Reproduce the data below exactly as written. Pictures do not belong in the copy.

START EXTRACTED RECORDS

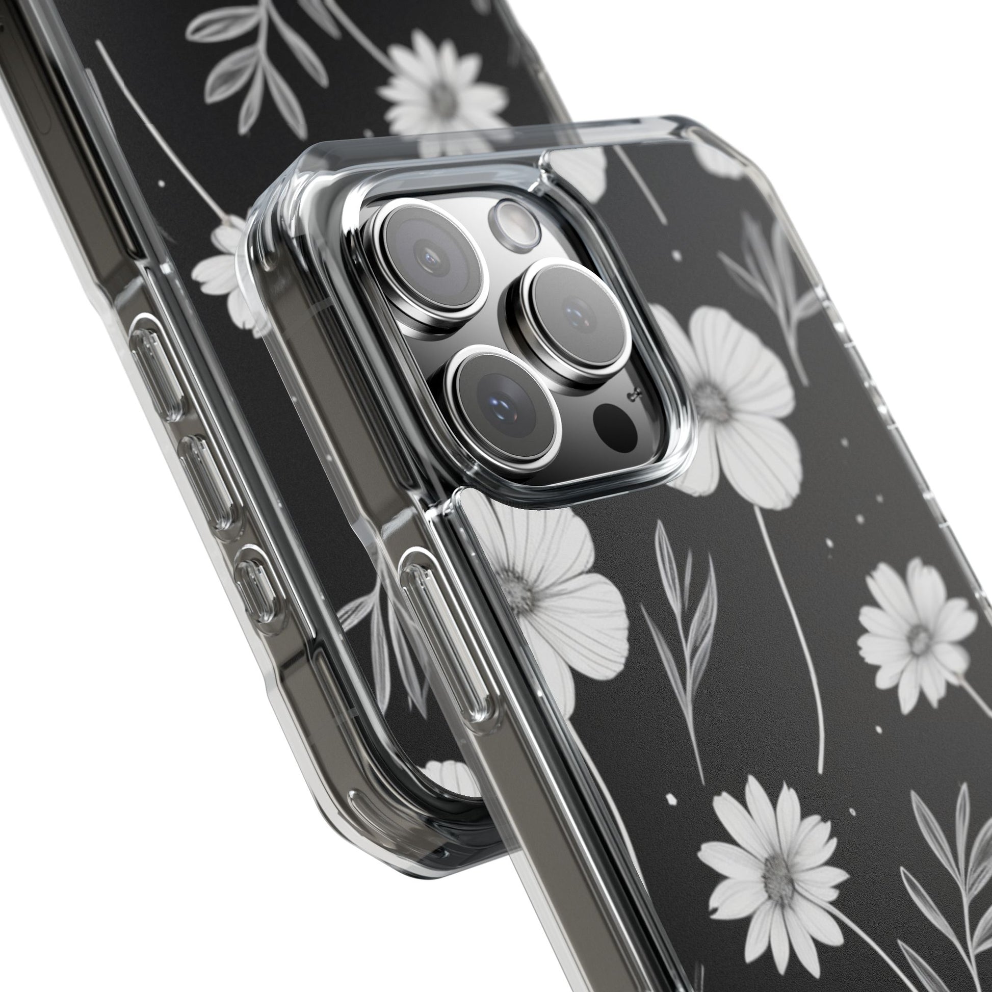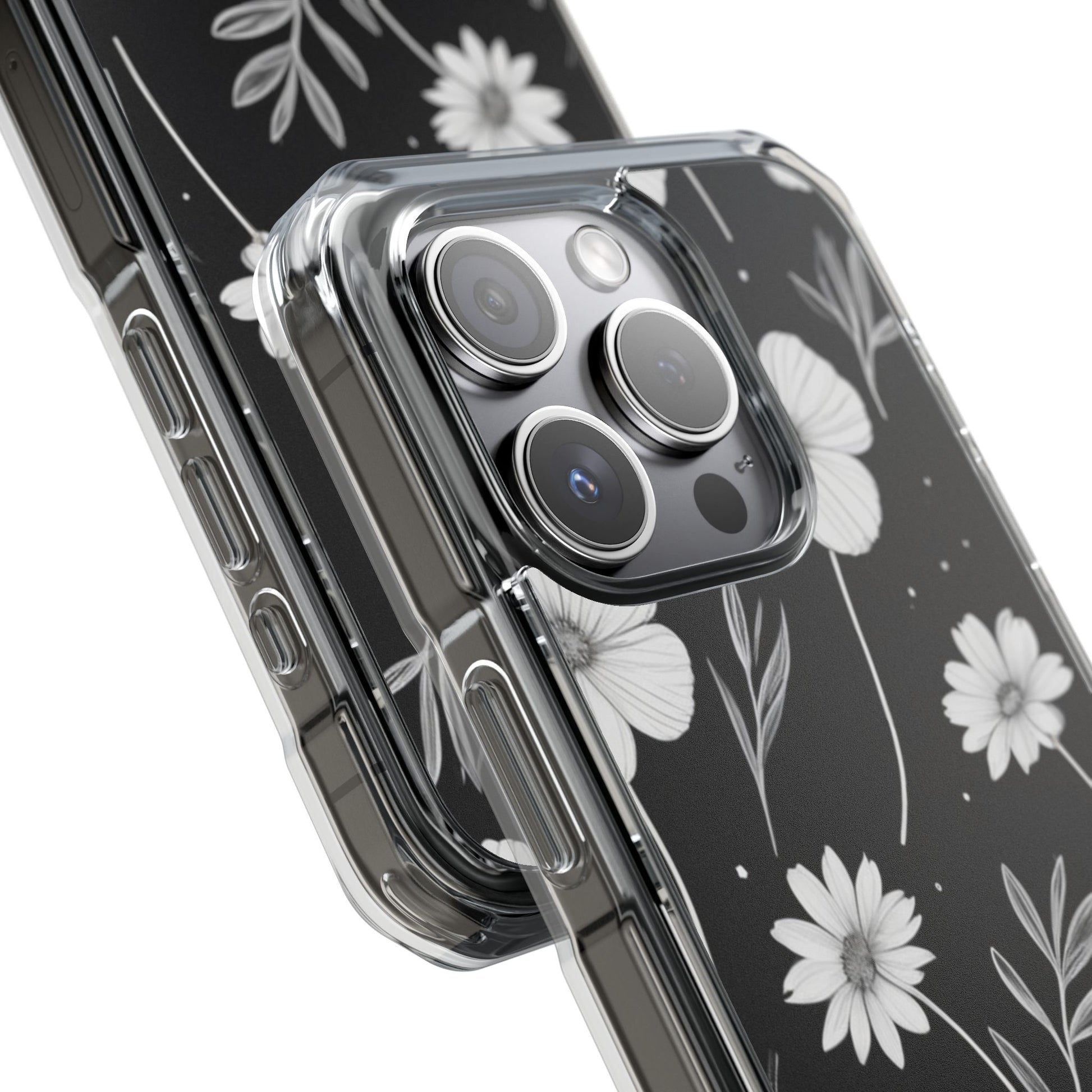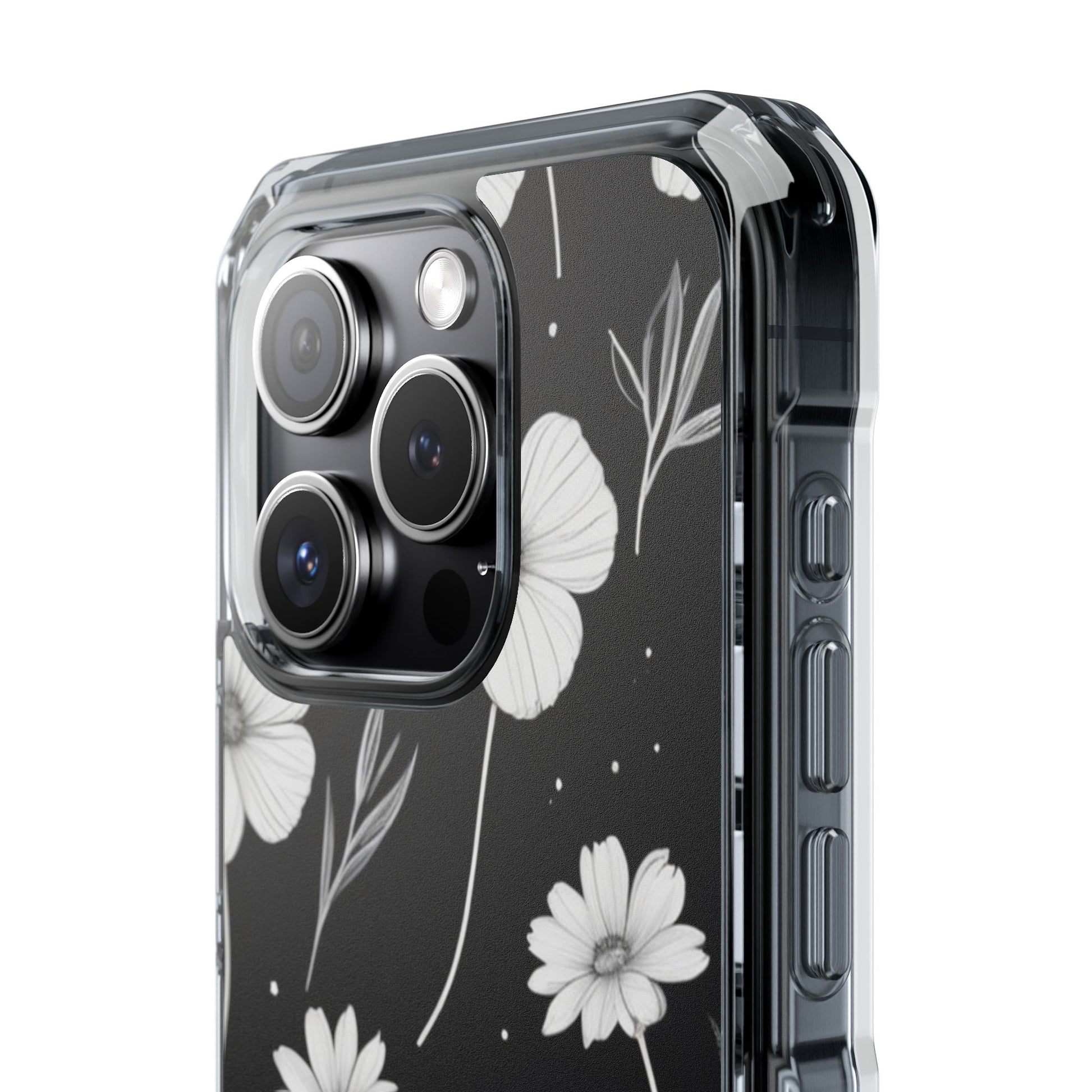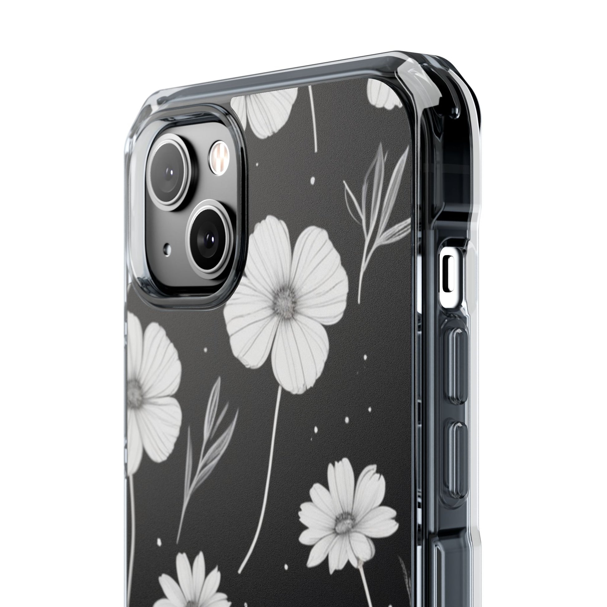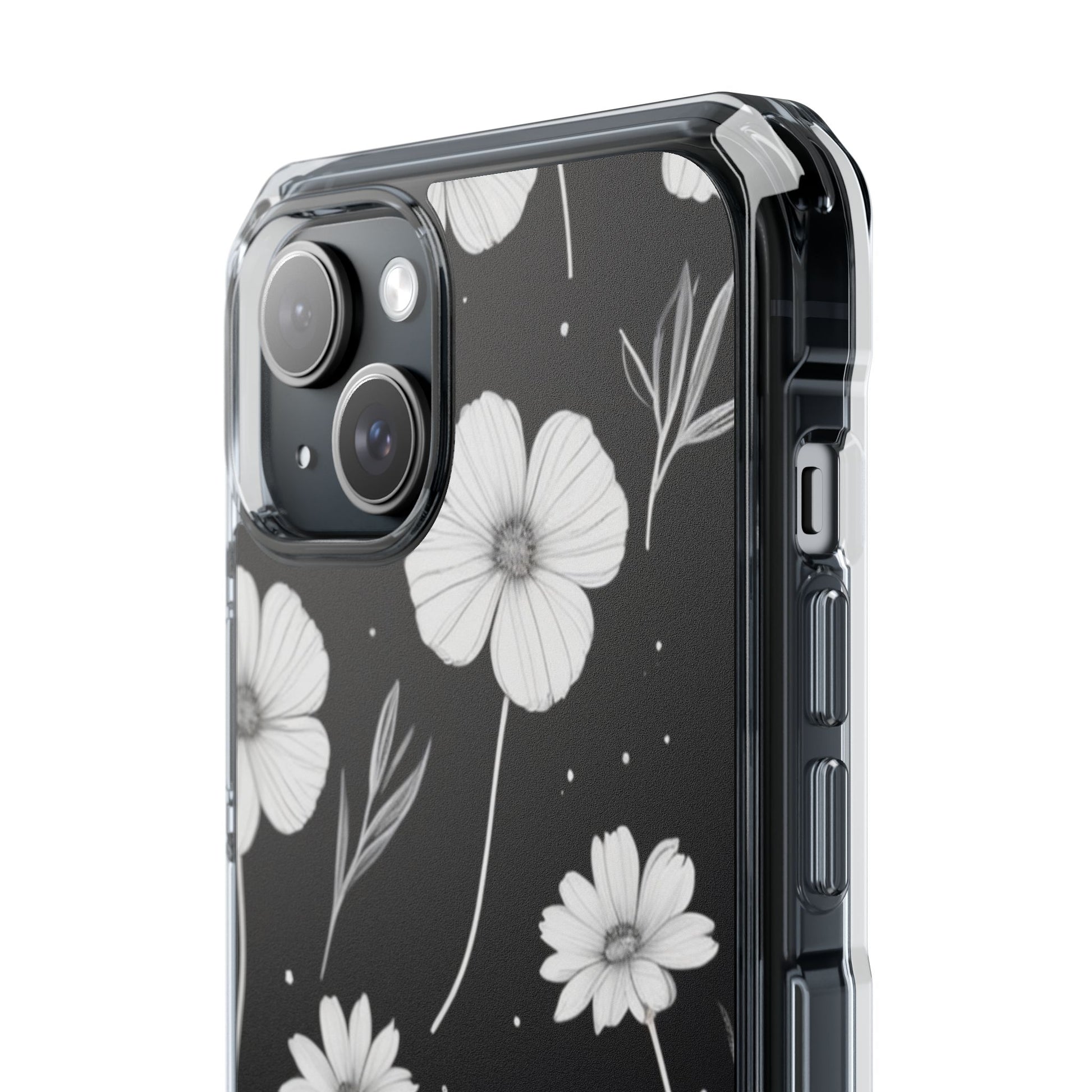 This elegant black and white floral magnetic clear impact phone case provides a subtle and stylish way to protect your smartphone. Perfect for those who appreciate elegant and sophisticated accessories. Ideal for formal events, daily use, and as a gift for birthdays or special occasions.
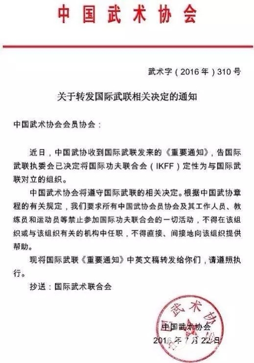| 7月22日,中国武术协会向全国各级武术协会会员协会下发《关于转发国际武联相关决定的通知》(武术字2016[310]号)文件,要求各省、市、县等武术会员协会及其工作人员、教练员和运动员等所有人员禁止参加国际功夫联合会的一切活动,不得在该组织或与该组织有关的机构中任职,不得直接、间接地向该组织提供帮助。 通知全文如下: 中国武术协会会员协会: 近日,中国武协收到国际武联发来的《重要通知》,告国际武联执委会已决定将国际功夫联合会(IKFF)定性为与国际武联对立的组织。 中国武术协会将遵守国际武联的相关决定,根据中国武协章程的有关规定,我们要求所有中国武协会员协会及其工作人员、教练员和运动员等禁止参加国际功夫联合会的一切活动,不得在该组织或与该组织有关的机构中任职,不得直接、间接地向该组织提供帮助。 现将国际武联《重要通知》中英文稿转发你们,请遵照执行。 中国武术协会 2016年7月22日 |
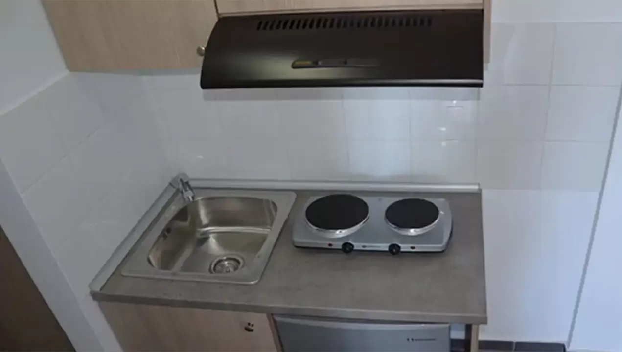 1/2 studio: poseduje ili dva standard ležaja ili francuski ležaj, TV/KAT, ormar, noćni stočić, A/C (klima uredjaj) uračunat u cenu, besplatnu wifi internet konekciju, kompletno opremljenu kuhinju sa rešoom sa dve ringle, frižider. Kupatilo sa TUŠ/WC. Stidiji su veoma komforni i svi imaju izuzetno lepu terasu sa stolom i dve stolice, sa koje se pruža pogled na bazen i park.
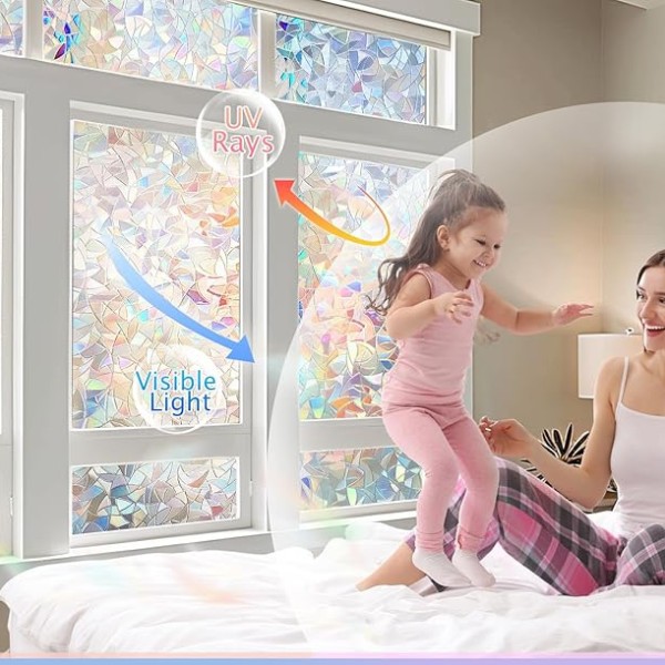 Quando a luz solar atinge a película, esta cria um incrível arco-íris de cores em toda a divisão, mas não bloqueia a luz natural. Esta película funciona bem em qualquer divisão – salas de estar, casas de banho, escritórios e até portas de vidro – tornando-se uma solução versátil para diferentes espaços.
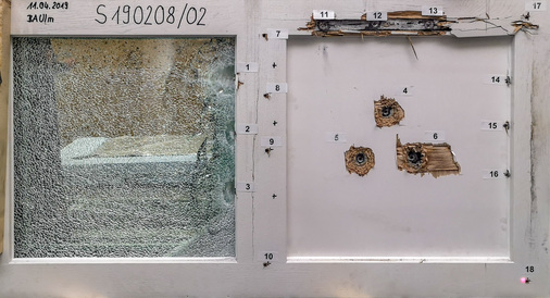 Erfahrungen sammeln konnte Lachmann und sein Team auch bei der Beschussprüfung in Ulm. Hier wurde mit zwei verschiedenen Munitionen (Hartkern + Weichkern) geschossen, welche unterschiedliches Verhaltensweisen bzw. „Eindringwege“ haben. (dm)
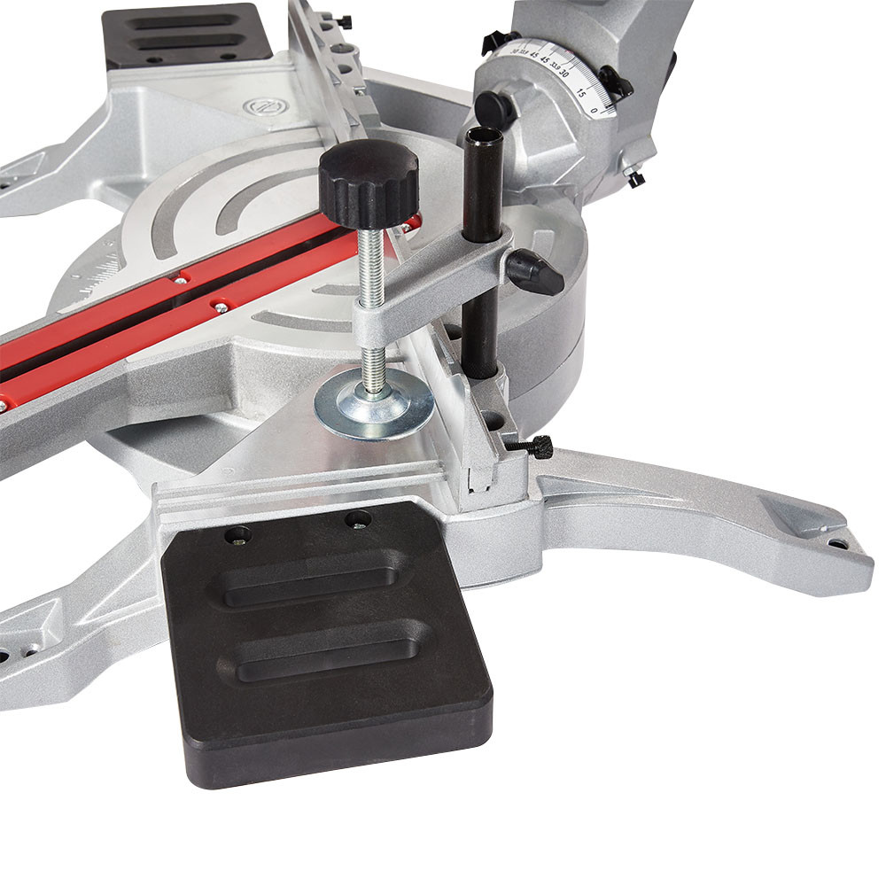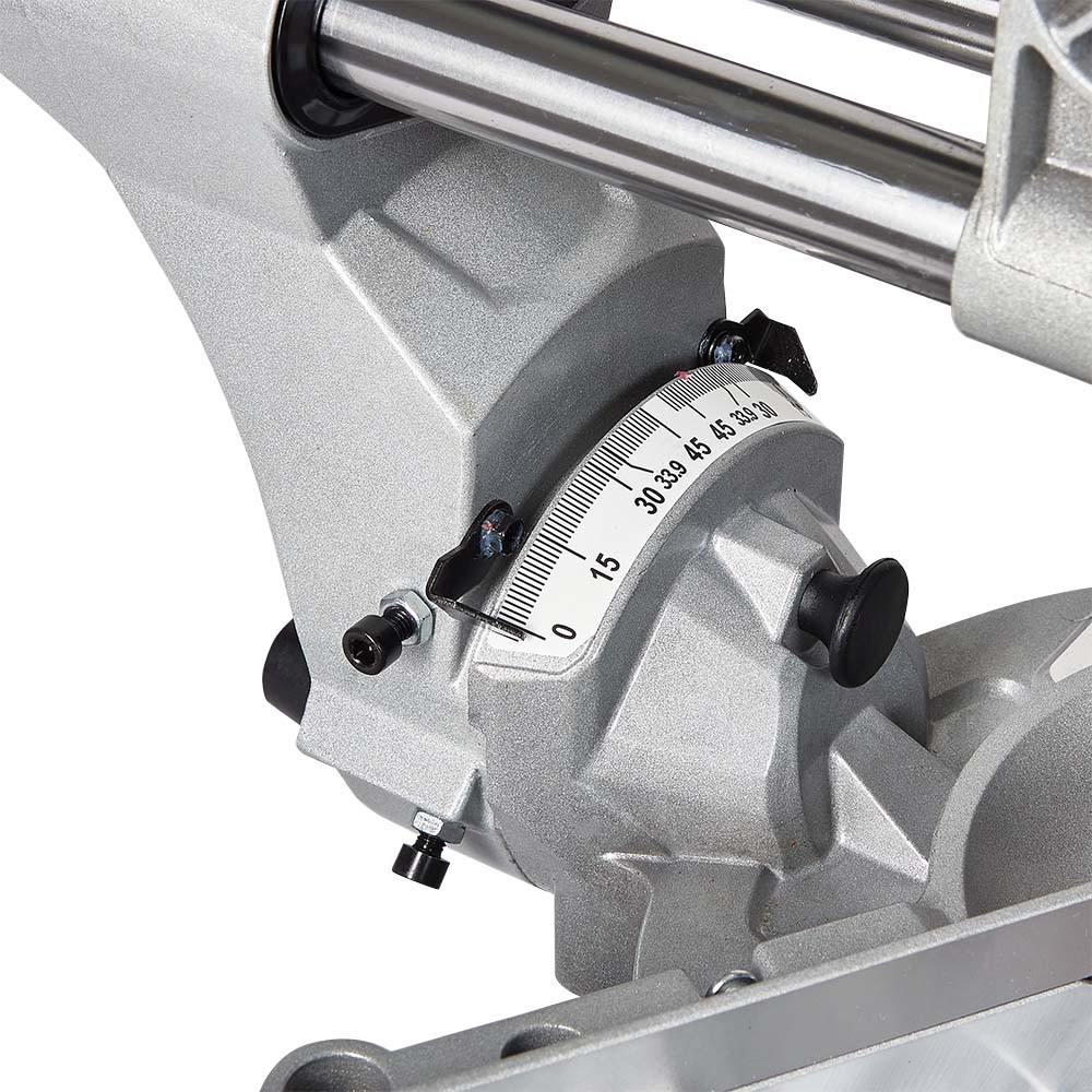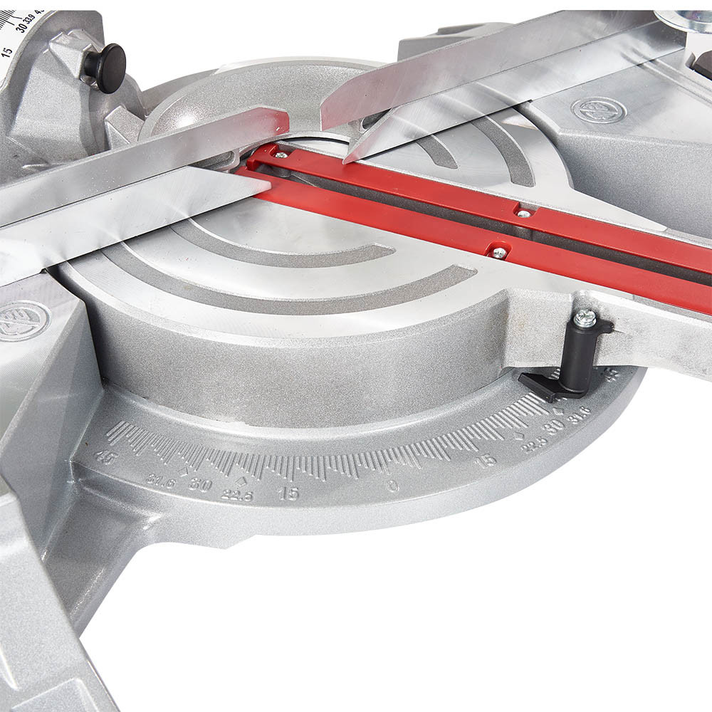 - Пила має функцію фіксованих положень для різання заготовок під різними кутами (-45°, -30°, -22,5°, -15°, 0°, +15°, +22,5°, +30°, +45°), що забезпечує швидке та точне налаштування.

END EXTRACTED RECORDS

*REPLY:*
 This elegant black and white floral magnetic clear impact phone case provides a subtle and stylish way to protect your smartphone. Perfect for those who appreciate elegant and sophisticated accessories. Ideal for formal events, daily use, and as a gift for birthdays or special occasions.
| 7月22日,中国武术协会向全国各级武术协会会员协会下发《关于转发国际武联相关决定的通知》(武术字2016[310]号)文件,要求各省、市、县等武术会员协会及其工作人员、教练员和运动员等所有人员禁止参加国际功夫联合会的一切活动,不得在该组织或与该组织有关的机构中任职,不得直接、间接地向该组织提供帮助。 通知全文如下: 中国武术协会会员协会: 近日,中国武协收到国际武联发来的《重要通知》,告国际武联执委会已决定将国际功夫联合会(IKFF)定性为与国际武联对立的组织。 中国武术协会将遵守国际武联的相关决定,根据中国武协章程的有关规定,我们要求所有中国武协会员协会及其工作人员、教练员和运动员等禁止参加国际功夫联合会的一切活动,不得在该组织或与该组织有关的机构中任职,不得直接、间接地向该组织提供帮助。 现将国际武联《重要通知》中英文稿转发你们,请遵照执行。 中国武术协会 2016年7月22日 |
 1/2 studio: poseduje ili dva standard ležaja ili francuski ležaj, TV/KAT, ormar, noćni stočić, A/C (klima uredjaj) uračunat u cenu, besplatnu wifi internet konekciju, kompletno opremljenu kuhinju sa rešoom sa dve ringle, frižider. Kupatilo sa TUŠ/WC. Stidiji su veoma komforni i svi imaju izuzetno lepu terasu sa stolom i dve stolice, sa koje se pruža pogled na bazen i park.
 Quando a luz solar atinge a película, esta cria um incrível arco-íris de cores em toda a divisão, mas não bloqueia a luz natural. Esta película funciona bem em qualquer divisão – salas de estar, casas de banho, escritórios e até portas de vidro – tornando-se uma solução versátil para diferentes espaços.
 Erfahrungen sammeln konnte Lachmann und sein Team auch bei der Beschussprüfung in Ulm. Hier wurde mit zwei verschiedenen Munitionen (Hartkern + Weichkern) geschossen, welche unterschiedliches Verhaltensweisen bzw. „Eindringwege“ haben. (dm)
 - Пила має функцію фіксованих положень для різання заготовок під різними кутами (-45°, -30°, -22,5°, -15°, 0°, +15°, +22,5°, +30°, +45°), що забезпечує швидке та точне налаштування.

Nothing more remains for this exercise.